Üniversite
son sınıfa geçtiğim yaz Almanya'da amcamın evinde kalıyordum. Almanya'ya dil
öğrenmek amacıyla gitmiştim ancak kursların tarihi Türkiye'deki tatillerle
uyuşmadığı için seyahatim turistik bir geziye dönmüştü. Muhabbet eksikliğinin,
dost hasretinin artık çekilmez olmaya başladığı vakitlerdi. O günkü tek fark
kısa sürecek olsa da emmioğluyla çıkacak olduğumuz yolculuktu. Rotamız
Hollanda'nın başkenti Amsterdam. Kalacak yerimiz belli değil. Sırt
çantalarımızı hazırlayıp sabah vakti harekete geçtik. 2 saatlik bir yolculuğun
ardından Amsterdam şehrine giriş yaptık. Arabayı merkeze en yakın otoparklardan
birine park edip oranın en ünlü meydanı olan Dam Meydanı'na doğru yürümeye
başladık. Amsterdam şehri pek de temiz olmayan kanallarla bir ağ gibi
sarılmıştı. Her ne kadar kanallar temiz olmasa da turistlerin dikkatini çekiyor
ve turistler kano ile düzenlenen şehir turlarına katılıyorlardı. Bu turlar 2 saat
kadar sürmekte olup şehrin neredeyse tamamını görmeye imkân sağlıyordu. Biz ise
şehri kano ile değil de yürüyerek gezenlerdendik.
Bu
kanalların üzerine yapılmış birçok küçük köprüden geçerek Dam Meydanı'na
gelmiştik. Meydana girdiğimizde beni tanıdık bir ezgi karşıladı. Uzaklardan
gelen bir klarnet sesi... benim çok aşina olduğum bir parça çalınıyordu. Sesin
nerden geldiğini aramaya başladım. Duyduğum ezgiye doğru hızlanarak ilerliyor
ve bir yandan da bu ezgiyi çıkarmaya çalışıyordum. Meydanın ortasına doğru
koyduğu tabureye oturup klarnet çalan adamı gördüğümde artık ezgiyi de
hatırlamıştım. Adam, Amsterdam'ın merkezinde, en büyük ve turistik meydanında
bizim memleketin, Kahramanmaraş'ın, Mihriban türküsünü çalıyordu. Uzun bir
süredir sadece telefondaki müzik uygulamalarından türkü dinleyebildiğim için
yanı başımda çalan birinden türkü dinlemek üstelik Mihriban'ı dinlemek
gözlerimin dolmasına sebep oldu. Türkü bitene kadar adamın yanından ayrılmadım.

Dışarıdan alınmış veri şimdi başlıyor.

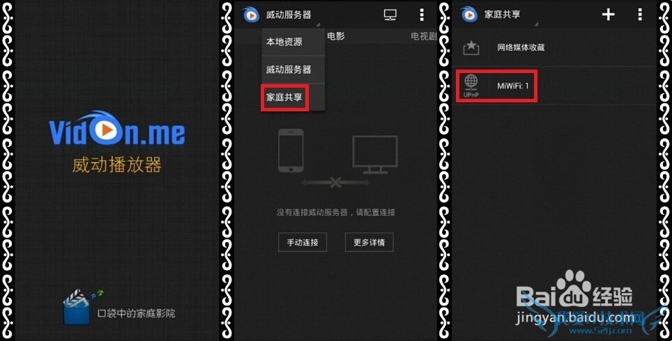 为了能流畅播放视频和浏览图片,在手机上安装威动播放器(平板亦可),选择“家庭共享”选项,威动播放器能自动搜索小米随身wifi。
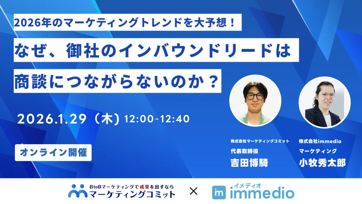 - - セミナー名: 2026年のマーケティングトレンドを大予想!なぜ、御社のインバウンドリードは商談につながらないのか
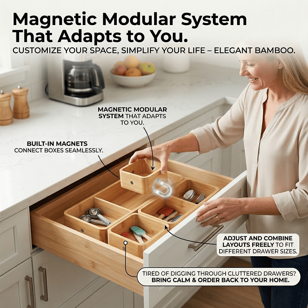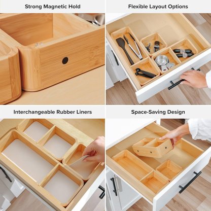 Each box connects seamlessly with built-in magnets, allowing you to freely adjust and combine layouts to fit different drawer sizes and storage needs.
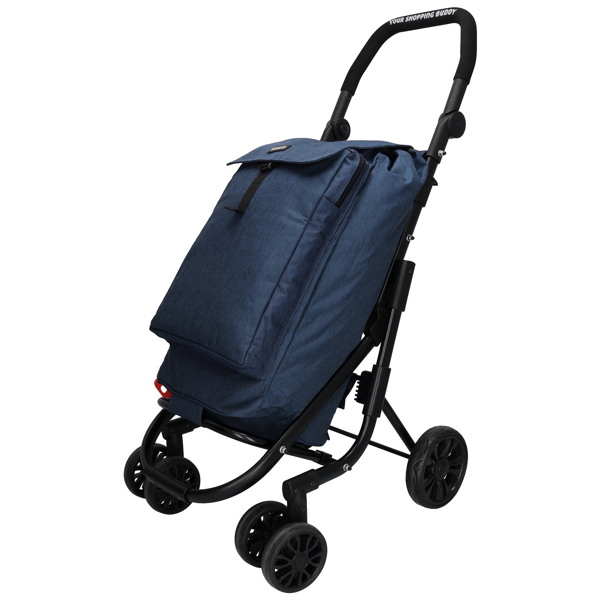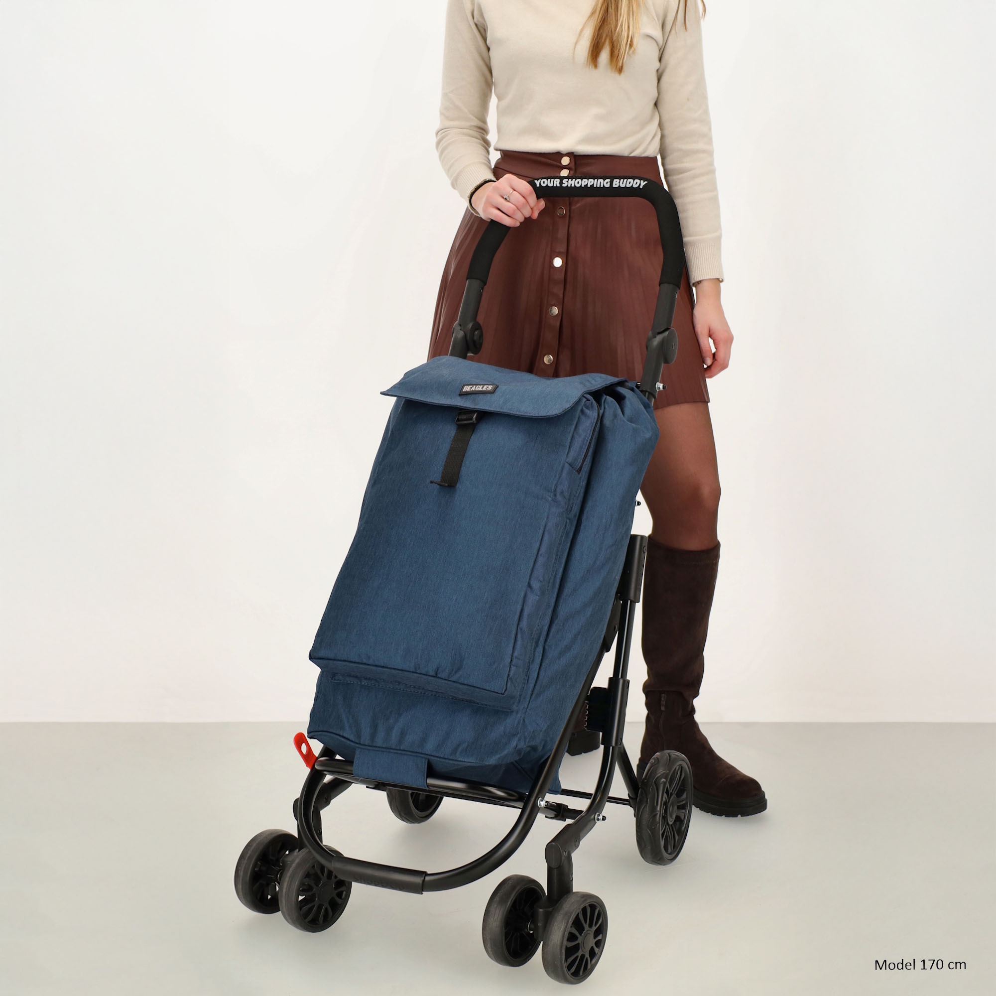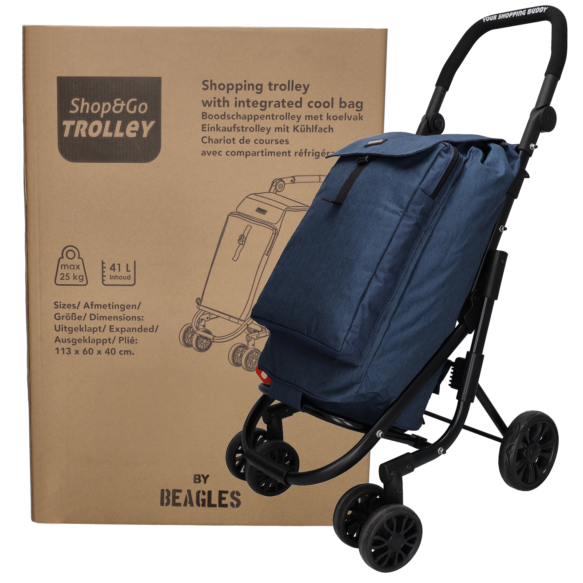 Met de Beagles Shop & Go Boodschappentrolley wordt boodschappen doen eenvoudiger en comfortabeler! Deze handige duwkar is voorzien van vier wielen, waarbij de voorste wielen zwenkwielen zijn voor extra wendbaarheid. Dankzij het verstelbare handvat stel je de hoogte gemakkelijk af op jouw voorkeur, zodat je de trolley moeiteloos voortduwt.
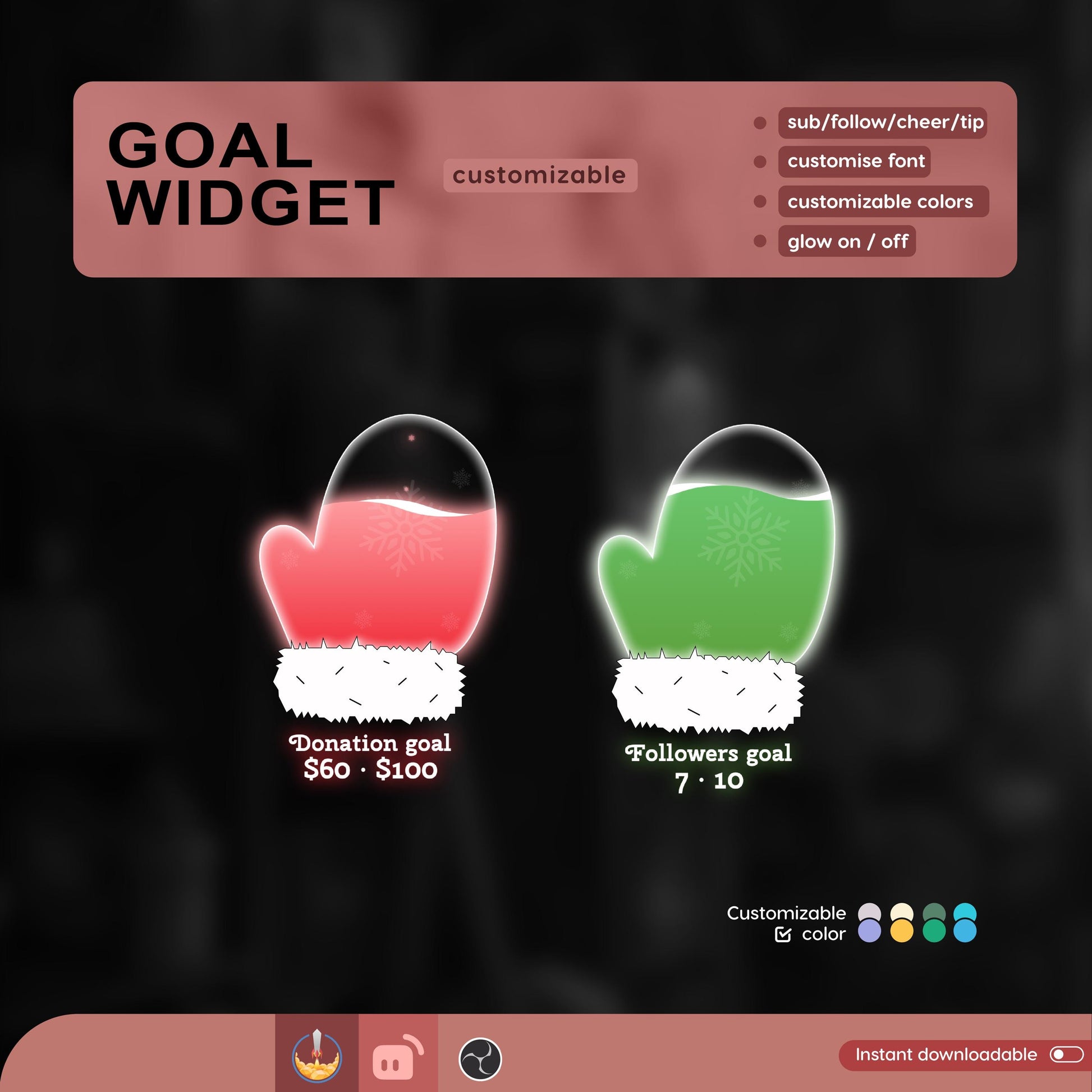 Santa Gloves Liquid Filling Goal Widget is fully customisable for Twitch Streamlabs, TikTok Studio, and Streamelements
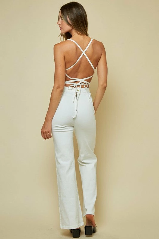 The Lacey White Tie Back Denim Bell Bottom Jumpsuit.
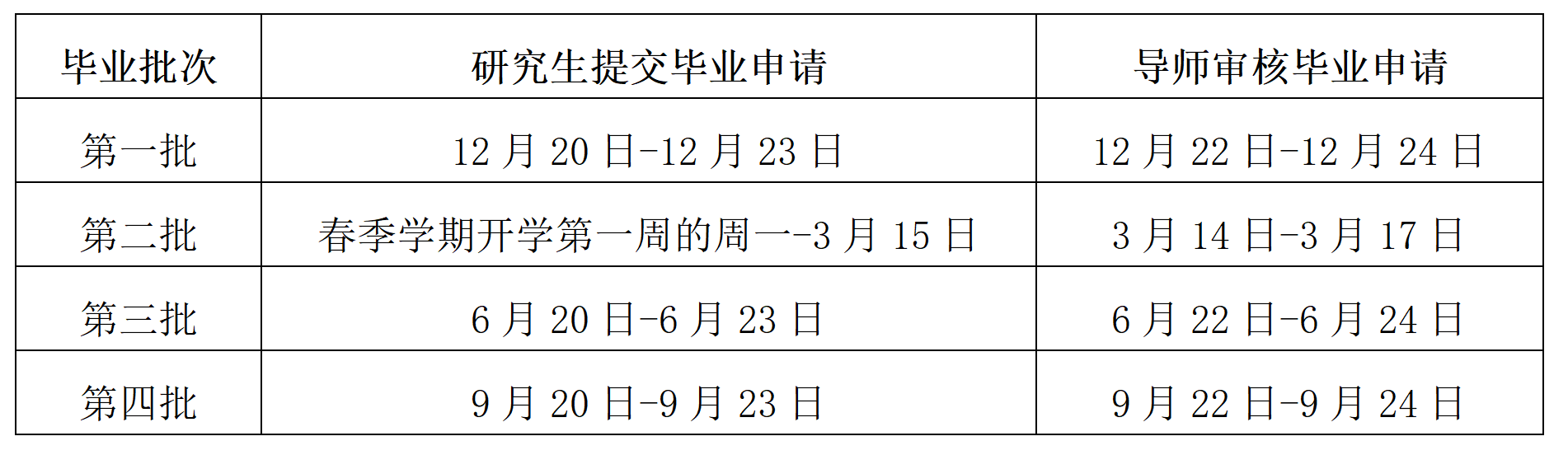 2.研究生提交毕业申请(时间安排见上表“时间节点”);

Adam ellili yaşlardaydı. Hava oldukça sıcak olmasına rağmen beyaz bir ceketle
oturuyordu ve dış görünüşünden anladığım kadarıyla Türk değildi. Halbuki ne
kadar isterdim muhabbet etmeyi bizim ellerden bahsetmeyi türküleri konuşmayı
ama olsun en azından Abdurrahim Karakoç'un yazıp Musa Eroğlu'nun bestelediği Mihriban,
özgürlüklerin ülkesi(!) denilen her türlü ahlaksızlığın meşru olduğu
Hollanda'da bile insanların kulağına gidiyordu.
Kim bilir belki o türkü
orada cenneti Dünya'da yaşayanların monoton ve zevk dolu hayatlarına bir iğne
gibi batacak belki de benim gibi gurbetçilere kandil olup yarenlik edecekti.